___ Exercise material

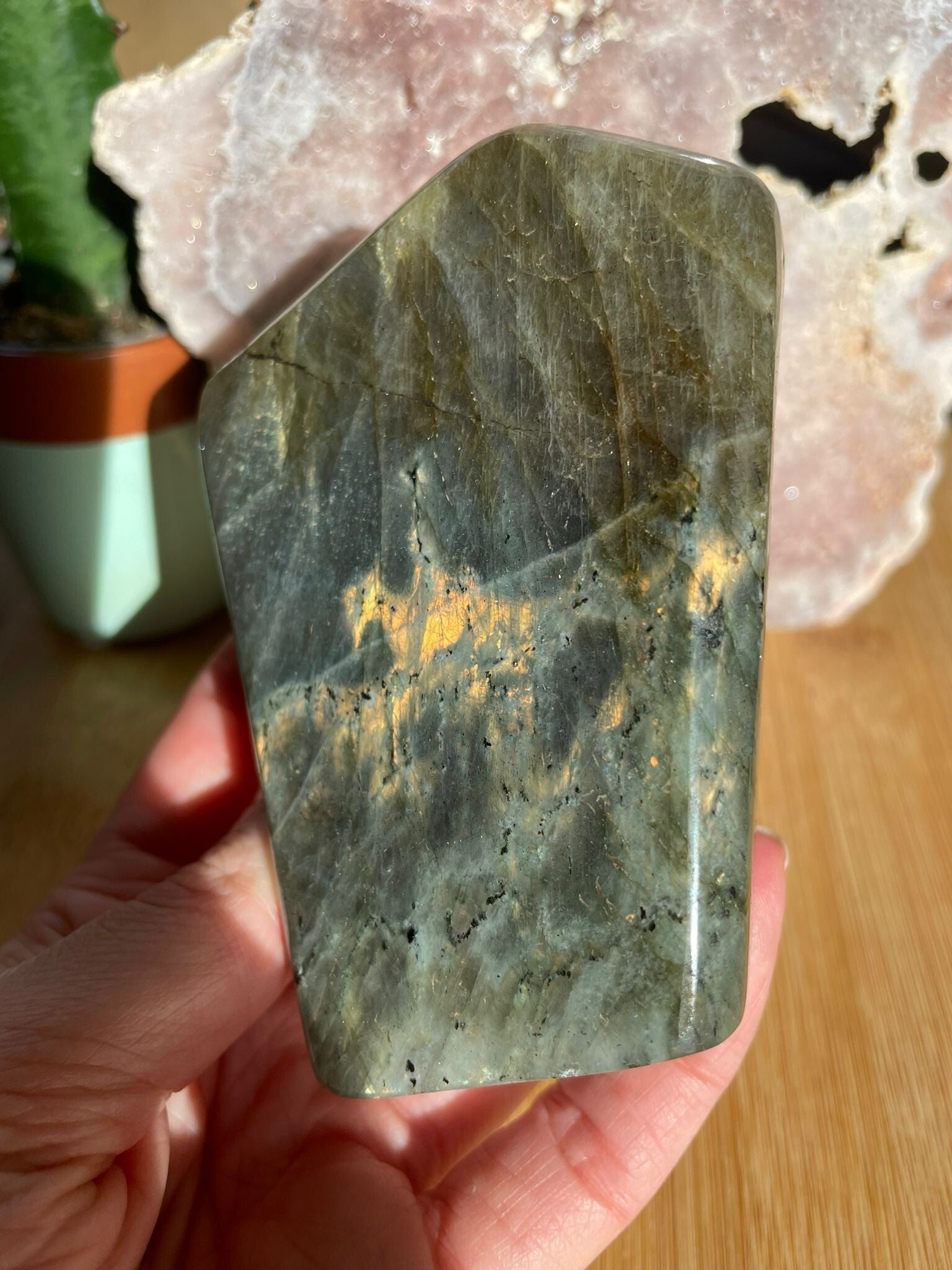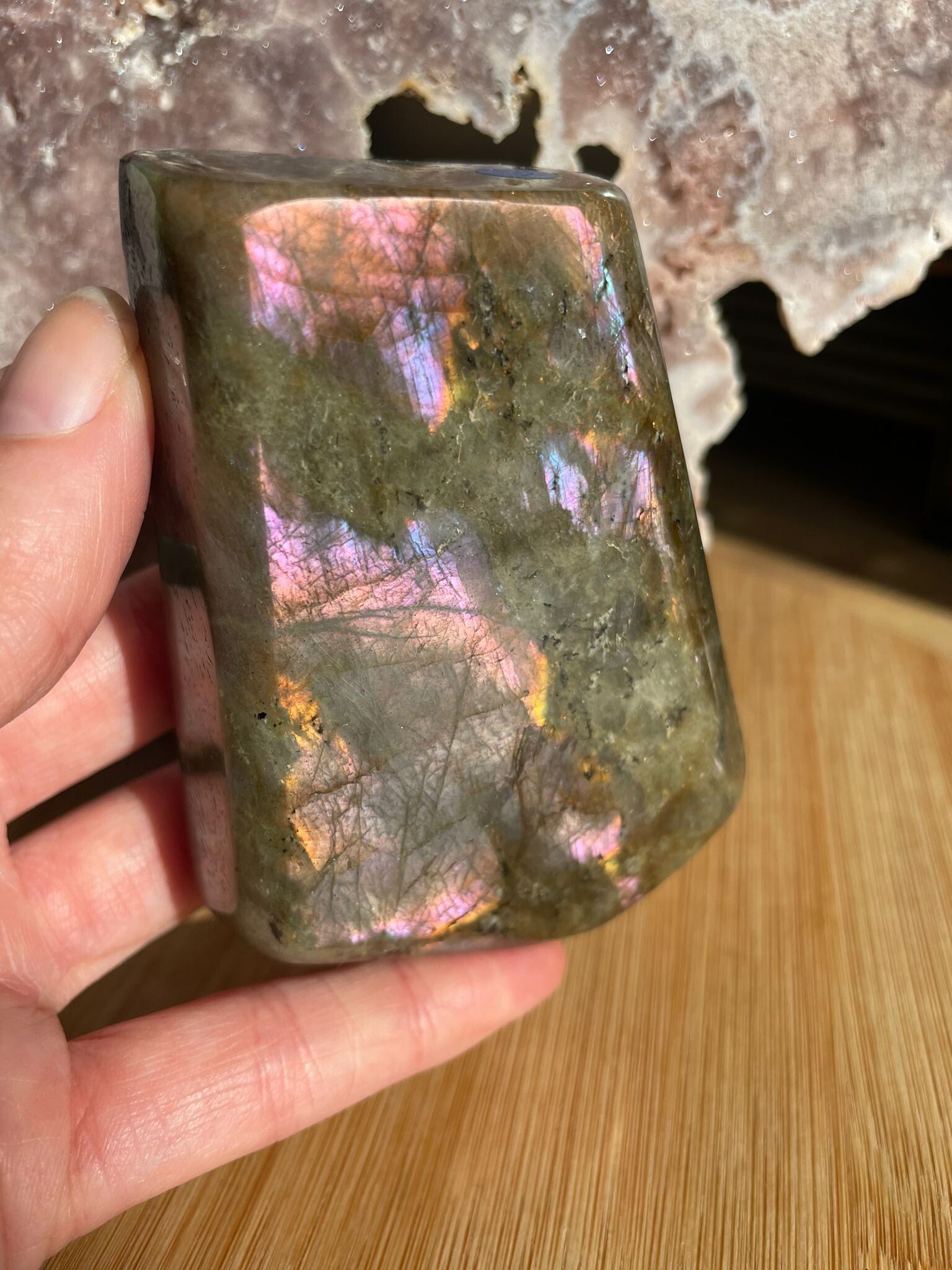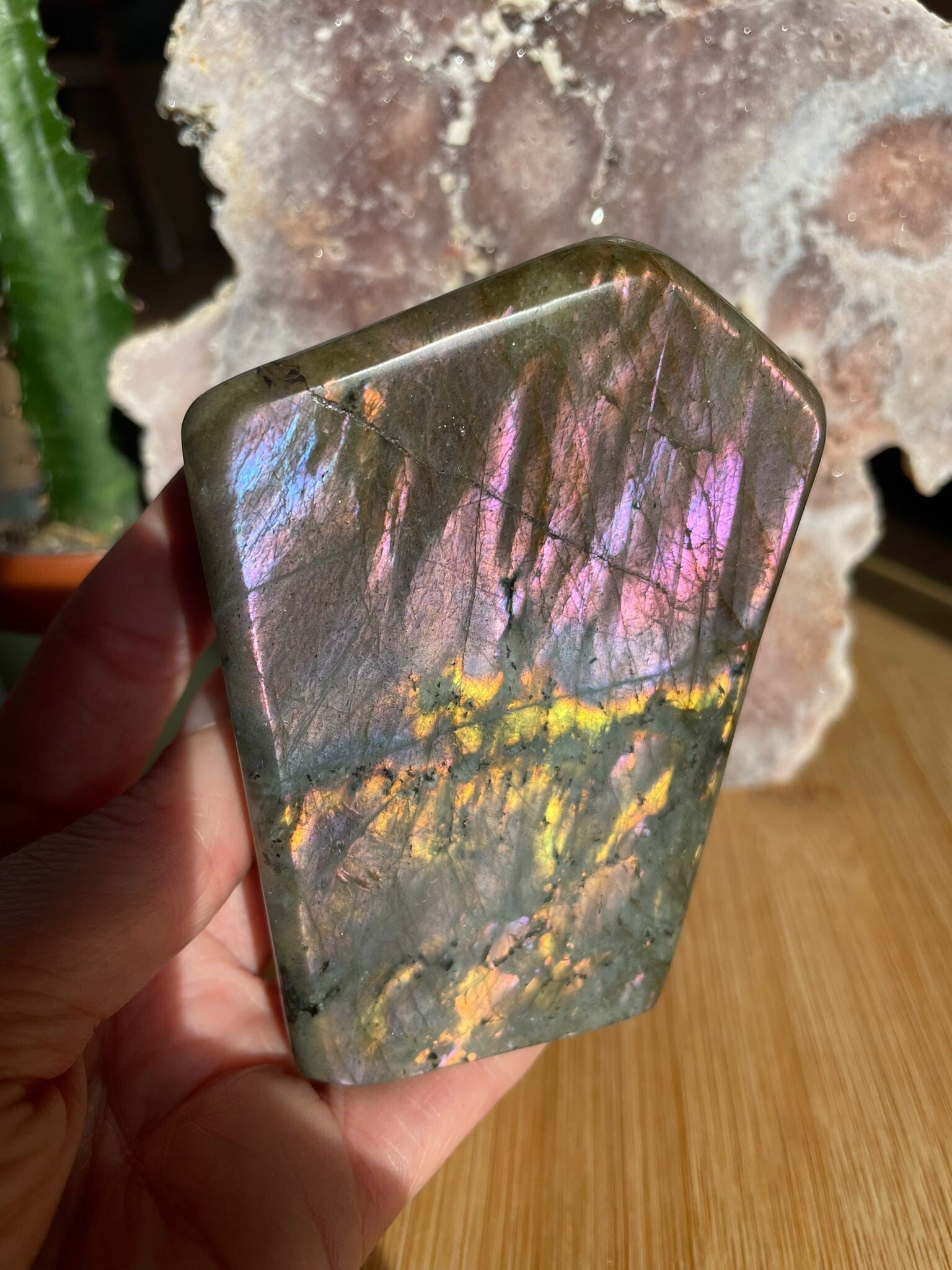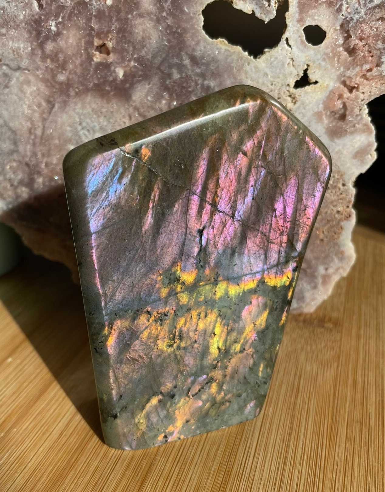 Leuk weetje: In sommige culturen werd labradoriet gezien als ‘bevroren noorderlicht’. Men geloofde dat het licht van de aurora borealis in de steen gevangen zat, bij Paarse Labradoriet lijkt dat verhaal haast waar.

______
___ Exercise material

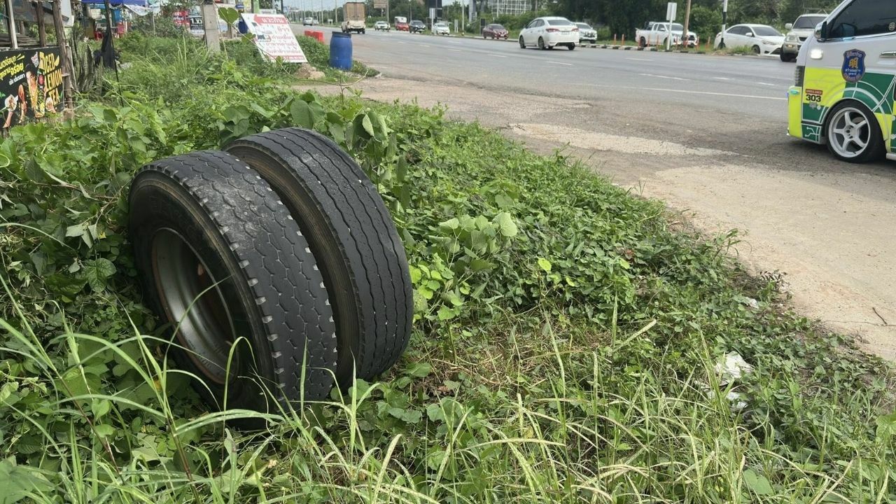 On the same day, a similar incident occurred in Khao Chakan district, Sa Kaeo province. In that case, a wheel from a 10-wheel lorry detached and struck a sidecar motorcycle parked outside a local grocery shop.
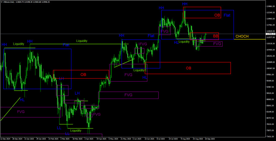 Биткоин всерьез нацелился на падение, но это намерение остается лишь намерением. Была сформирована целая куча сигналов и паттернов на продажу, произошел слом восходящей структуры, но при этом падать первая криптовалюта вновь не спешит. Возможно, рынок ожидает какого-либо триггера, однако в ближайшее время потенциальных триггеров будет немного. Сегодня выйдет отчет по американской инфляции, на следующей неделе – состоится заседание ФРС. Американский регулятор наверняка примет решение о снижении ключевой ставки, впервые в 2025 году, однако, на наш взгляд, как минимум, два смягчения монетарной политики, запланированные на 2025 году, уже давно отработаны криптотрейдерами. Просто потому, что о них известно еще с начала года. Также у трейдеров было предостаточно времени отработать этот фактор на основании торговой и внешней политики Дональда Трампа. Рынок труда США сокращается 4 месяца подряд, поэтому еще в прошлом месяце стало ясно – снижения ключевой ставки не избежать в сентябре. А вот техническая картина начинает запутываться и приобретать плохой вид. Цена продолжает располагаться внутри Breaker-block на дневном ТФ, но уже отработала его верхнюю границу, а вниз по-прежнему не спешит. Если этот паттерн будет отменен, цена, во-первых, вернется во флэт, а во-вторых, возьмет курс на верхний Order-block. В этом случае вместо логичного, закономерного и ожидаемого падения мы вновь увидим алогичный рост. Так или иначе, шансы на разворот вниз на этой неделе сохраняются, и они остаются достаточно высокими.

______

Exercise details:
Using the entries above, repeat exactly the lines from the one with "On the same" to the one with "Биткоин всерьез нацелился", both included, and leave the pictures behind.

Answer space:
 On the same day, a similar incident occurred in Khao Chakan district, Sa Kaeo province. In that case, a wheel from a 10-wheel lorry detached and struck a sidecar motorcycle parked outside a local grocery shop.
 Биткоин всерьез нацелился на падение, но это намерение остается лишь намерением. Была сформирована целая куча сигналов и паттернов на продажу, произошел слом восходящей структуры, но при этом падать первая криптовалюта вновь не спешит. Возможно, рынок ожидает какого-либо триггера, однако в ближайшее время потенциальных триггеров будет немного. Сегодня выйдет отчет по американской инфляции, на следующей неделе – состоится заседание ФРС. Американский регулятор наверняка примет решение о снижении ключевой ставки, впервые в 2025 году, однако, на наш взгляд, как минимум, два смягчения монетарной политики, запланированные на 2025 году, уже давно отработаны криптотрейдерами. Просто потому, что о них известно еще с начала года. Также у трейдеров было предостаточно времени отработать этот фактор на основании торговой и внешней политики Дональда Трампа. Рынок труда США сокращается 4 месяца подряд, поэтому еще в прошлом месяце стало ясно – снижения ключевой ставки не избежать в сентябре. А вот техническая картина начинает запутываться и приобретать плохой вид. Цена продолжает располагаться внутри Breaker-block на дневном ТФ, но уже отработала его верхнюю границу, а вниз по-прежнему не спешит. Если этот паттерн будет отменен, цена, во-первых, вернется во флэт, а во-вторых, возьмет курс на верхний Order-block. В этом случае вместо логичного, закономерного и ожидаемого падения мы вновь увидим алогичный рост. Так или иначе, шансы на разворот вниз на этой неделе сохраняются, и они остаются достаточно высокими.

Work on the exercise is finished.